Taylor Mali,
Conviction
(Words Worth, 2003)

On the page, Taylor Mali's poetry is deceptively simple. In this age, when the callow literary verbosity of many performance poets reigns with a 3-5 page ineloquent sense of superiority -- while schizophrenically attempting to cram itself into the short attention span of the average poetry audience -- Mali's work sits there on half of a folded 8- by 11-inch piece of paper, almost quaint. Stanzas like puppy-dog eyes, line breaks more than reasonable: agreeable. Easy on the eyes, his stuff ... filled with words everyone uses everyday. You almost wonder what the big deal is, why this guy is one of the most lauded performance poets in the country today. You wonder what it is about the characters and ballroom-squared rhythms that populate his work that enables him to live fully off of the means of his poetic labor, and in New York City, no less? What in the typical plain-speak of his oeuvre proves his merit as a poetry slam icon?

On the page? Not much. The work sits there, stoic and neat; whole-number addition homework waiting to graduate to multiplication. Give the man a microphone, however, and you're in for some very tricky and magical geometry.

It is on the microphone that Mali's deft and sly skill with language takes flight, his sofa-comfy ease with the language of engagement drawing you in with every comedy of errors from the tales of stymied students of his teaching years ("Like Lilly Like Wilson," "Seventh-Grade Viking Warrior"), as well as his admonishments of paint-by-number poets ("I Could Be a Poet," "How To Write a Political Poem"). Mali's work picks up all of its complexity in performance, and make no mistake: Mali is one of the best performance poets on the road, bar none. There are few performing poets who approach the stage with as much confidence and consistency as Taylor Mali, and not simply because he's performed the poems so many times that he can likely recite them sans tongue.
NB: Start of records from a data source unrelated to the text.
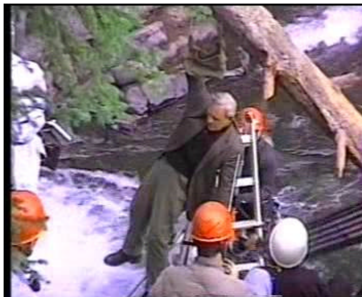
Figure 5: Actor Anthony Hopkins in a special effects arrangement in The Edge (1997)

Constraints for making physical special effects are much related to the physical environment in which the effect is to be put into action, and to the necessity to physically displace objects and arrangements. The materiality of the elements entering into construction creates a situation in which the re-production of an arrangement is almost as costly in terms of energy, time, and money, than the initial arrangement produced. In other words: the absence in physical arrangements of "copy" and "undo" represents a major constraint physical special effects makers have to take into account. Another type of constraint lies in the fact that an arrangement very often brings movie actors in direct contact with the objects used to produce the effect (cf. figure 5). The physical effects maker has to be ensured that no one on the movie set is being fragilized through the arrangement.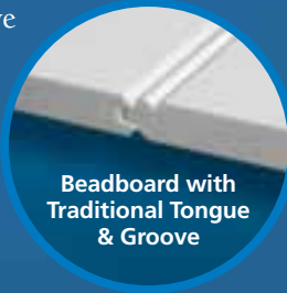
Beadboard with Traditional Tongue & Groove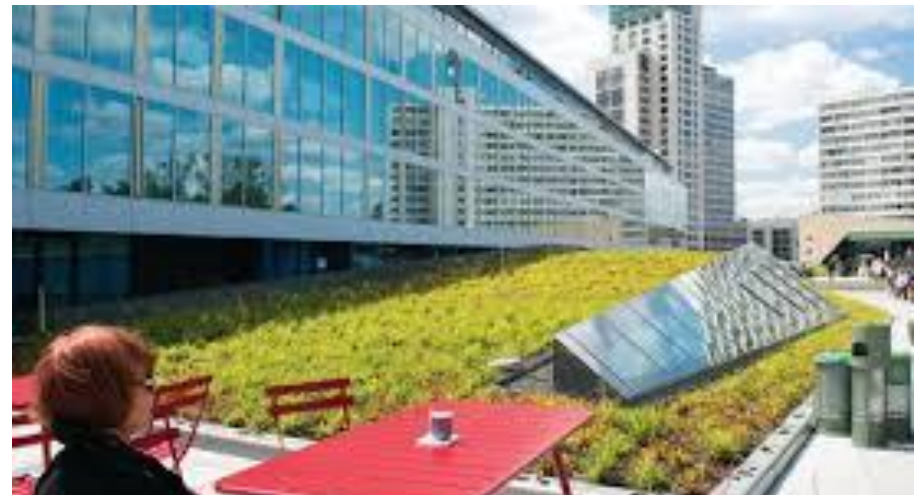
Sustainable Buildings & Energy Retrofits & Eco Suburbs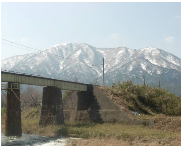
Mt. Nosaka, overlooking the Obama Line

Towering over the southwestern edge of Tsuruga is Mt. Nosaka (elev. 914m), said to have been a favorite of the great priest Kōbō. Owing to its appearance changing little from every angle, it has come to be known as the “Mt. Fuji of Tsuruga,” and its beauty has been renowned for generations. The 2-hour hike to its summit presents hikers with an unobstructed panoramic view of the entire city and surrounding area.

There is a fecundity of warmth and ideas in his carriage, his voice, and the stories of his poems. While many of his performing contemporaries have sought to compact more and more words in an attempt to bludgeon audiences with their wealth of vocabulary, Mali's work consistently wins because it is allowed to breathe. The brevity of the compositions on paper allows him to bend the performance and tone of his poems at will, and allows the audience to savor the journey, as opposed to the typical rat race many of his peers subject already wary audiences to. Mali understands that the lasting impression comes more fully from the tale, from the sinking-in of the idea and point, and less so from the pyrotechnics and oft-copied ranting of poets whose work could, as a rule, stand to use a stiff edit. Much of his most winning work -- "I Could Be a Poet," "Playing Scrabble With Eddie" and most notably "The The Impotence of Proofreading" -- hits the target squarely in this respect. The work contained on Conviction seeks to strip away all of the political and academic baggage that the listener brings to the tales and missions of the work, leaving one's sense of wonder receptive and hanging on every pause and direction. You know that some truth, some grand life point is there, and Mali wants you to walk away with that, not the top hat and rabbits.

Finally, one of the things that stand out in this collection is the number of duets, trios, team pieces and covered versions of his work by other poets offered. With these rarely performed (and even more rarely recorded) instances of artistic camaraderie with compatriots Beau Sia, Celena Glenn, George McKibbens, Shappy, Noel Jones, John S. Hall, Roger Bonair-Agard and Reggie Cabico, the CD acts as more than an introduction to the new listener, but as a photo album of Mali's journey to the top of the performance poetry pile. You end up with what could have as easily been billed as not only the "Best of Taylor Mali" but also the "Essential Taylor Mali." For the codification of that journey alone, we should all be grateful.